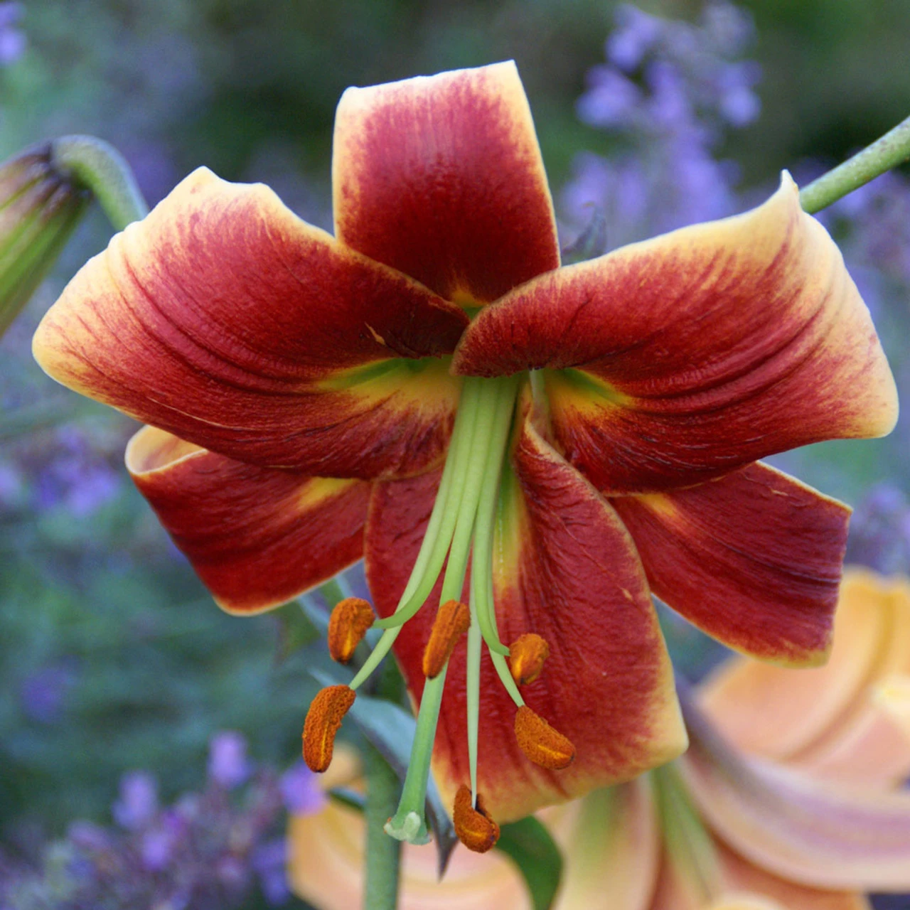 Lily bulbs will greatly appreciate the shelter of low growing shrubs or other plants near their roots. In active growth, apply water freely a high potash liquid fertilizer every two weeks or so. When planting, each bulb should surrounded with a little sharp sand both under and above the bulb to keep slugs away and to ward off excessive wetness. As most lilies are stem rooting, we strongly recommend you plant about 15cm deep. They give a much better display when planted in clumps of 3, 6 or 12 bulbs, spaced 45cm apart. Plant from December to April to see them appear in summer.
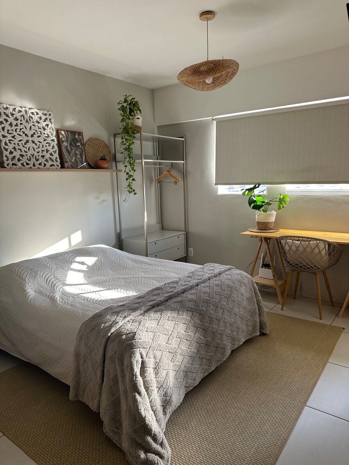 Apartamento completo, con capacidad para 2 personas. Cuenta con un dormitorio con cama queen, aire acondicionado, espacio de oficina en casa, armario. Baño privado, cocina completa. TV por cable en la sala y wifi incluido. Condominio con conserjería las 24 horas, piscina, gimnasio y lavandería para uso gratuito. Una plaza de garaje cubierta incluida. Ubicación cerca del centro, supermercado, farmacia y restaurantes. Toallas, ropa de cama, mantas y almohadas estarán disponibles. Barrio tranquilo.
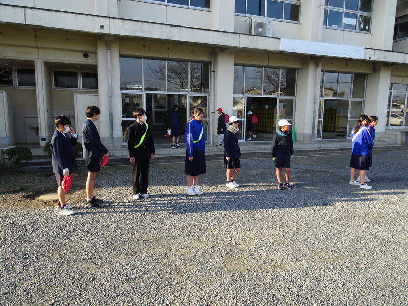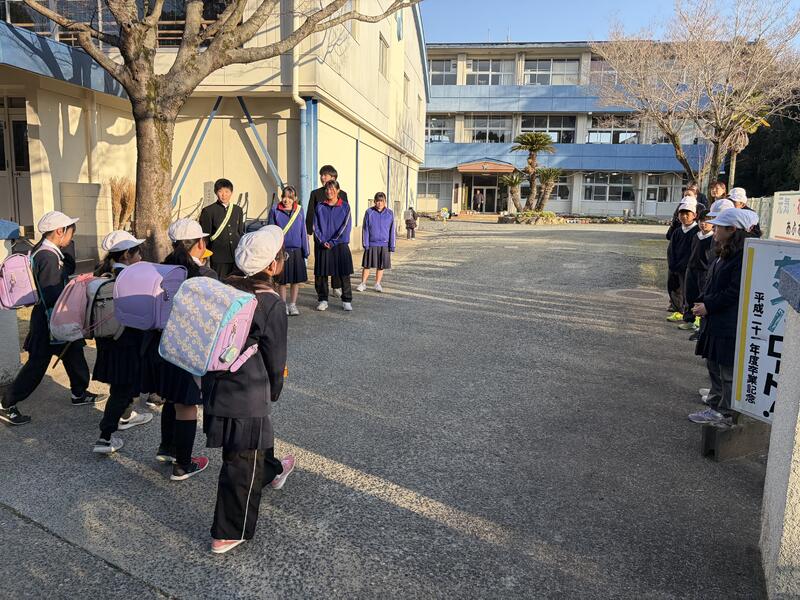 伊倉小学校玄関付近で小学生とともにあいさつ!
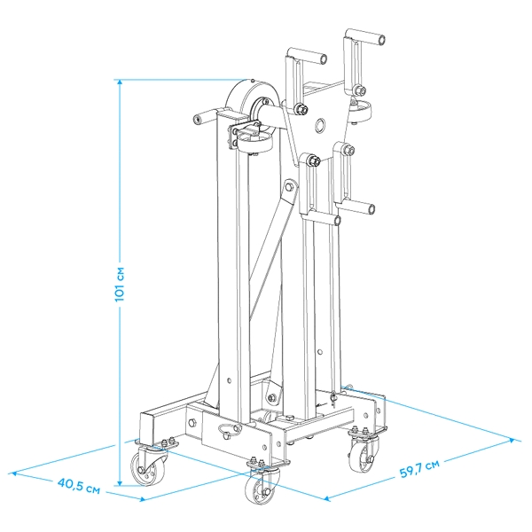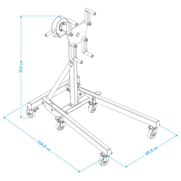 - 6 колес обеспечивают маневренность по территории цеха, а тормоза позволяют зафиксировать стенд на одном месте.
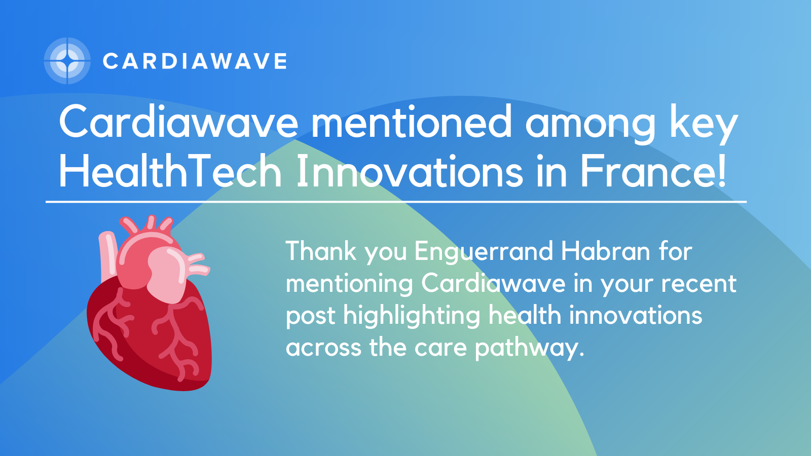 💙 Thank you Enguerrand Habran for mentioning Cardiawave in your recent post highlighting health innovations across the care pathway: https://www.linkedin.com/feed/update/urn:li:activity:7350446534619983872/

━━━━━━━━━━

▸ **TASK STATEMENT**
Starting with the line that contains "伊倉小学校玄関付近で小学生とともにあいさつ!", give the lines again exactly as they appear through the last line of the data, pictures excluded.

▸ **SOLUTION FOR THIS EXERCISE**
 伊倉小学校玄関付近で小学生とともにあいさつ!
 - 6 колес обеспечивают маневренность по территории цеха, а тормоза позволяют зафиксировать стенд на одном месте.
 💙 Thank you Enguerrand Habran for mentioning Cardiawave in your recent post highlighting health innovations across the care pathway: https://www.linkedin.com/feed/update/urn:li:activity:7350446534619983872/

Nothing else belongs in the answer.